TASK INSTRUCTIONS:
Copy the data precisely, character for character, and leave out every picture.
[[ DATA PROVIDED, beginning ]]
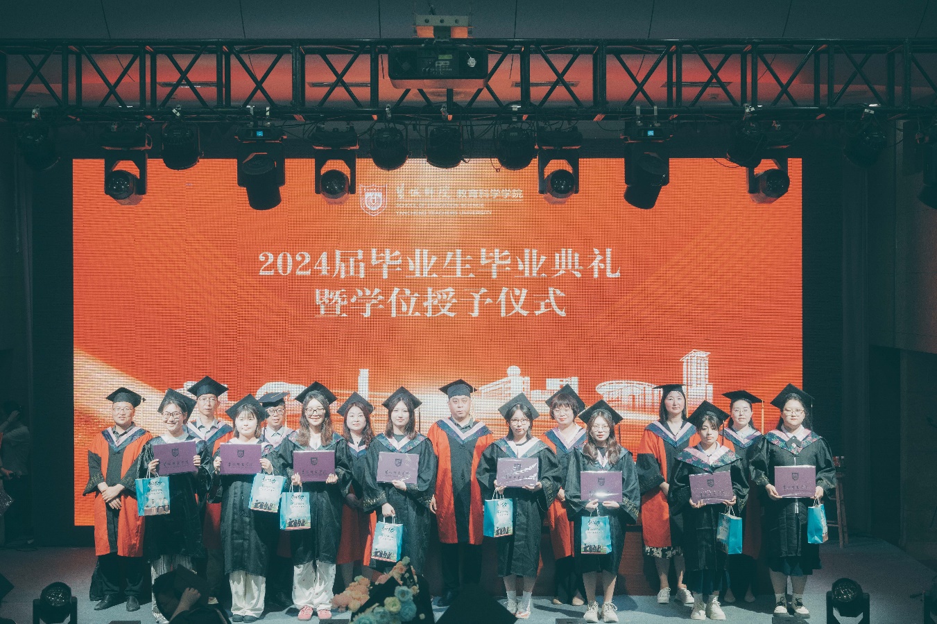 公司领导和系主任为毕业生颁发毕业证书,授予学士学位证书并拨穗,向每一位毕业生赠送精心定制的毕业礼物。
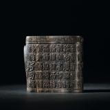 此件为汶莱产沉水料,香气怡人,形制扁阔,结字装饰,上方有博古回纹。刻“百寿字”、“百福字”,寓意“百福百寿”。“百寿字”这一装饰手法,在传统吉庆题材中相当流行。如文房器具等物件,常有此类纹饰,有祝主人福寿绵长之意。此件雕刻之“福”“寿”均结字工稳,笔意翩然,可谓运笔如刀。
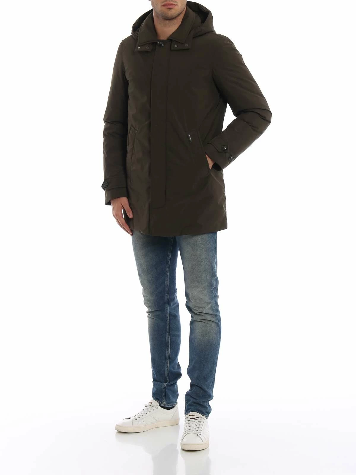 Abrigo de tejido técnico con práctica capucha desmontable y relleno de plumón 90/10.
[[ DATA PROVIDED, end ]]
RESPONSE BOX:
 公司领导和系主任为毕业生颁发毕业证书,授予学士学位证书并拨穗,向每一位毕业生赠送精心定制的毕业礼物。
 此件为汶莱产沉水料,香气怡人,形制扁阔,结字装饰,上方有博古回纹。刻“百寿字”、“百福字”,寓意“百福百寿”。“百寿字”这一装饰手法,在传统吉庆题材中相当流行。如文房器具等物件,常有此类纹饰,有祝主人福寿绵长之意。此件雕刻之“福”“寿”均结字工稳,笔意翩然,可谓运笔如刀。
 Abrigo de tejido técnico con práctica capucha desmontable y relleno de plumón 90/10.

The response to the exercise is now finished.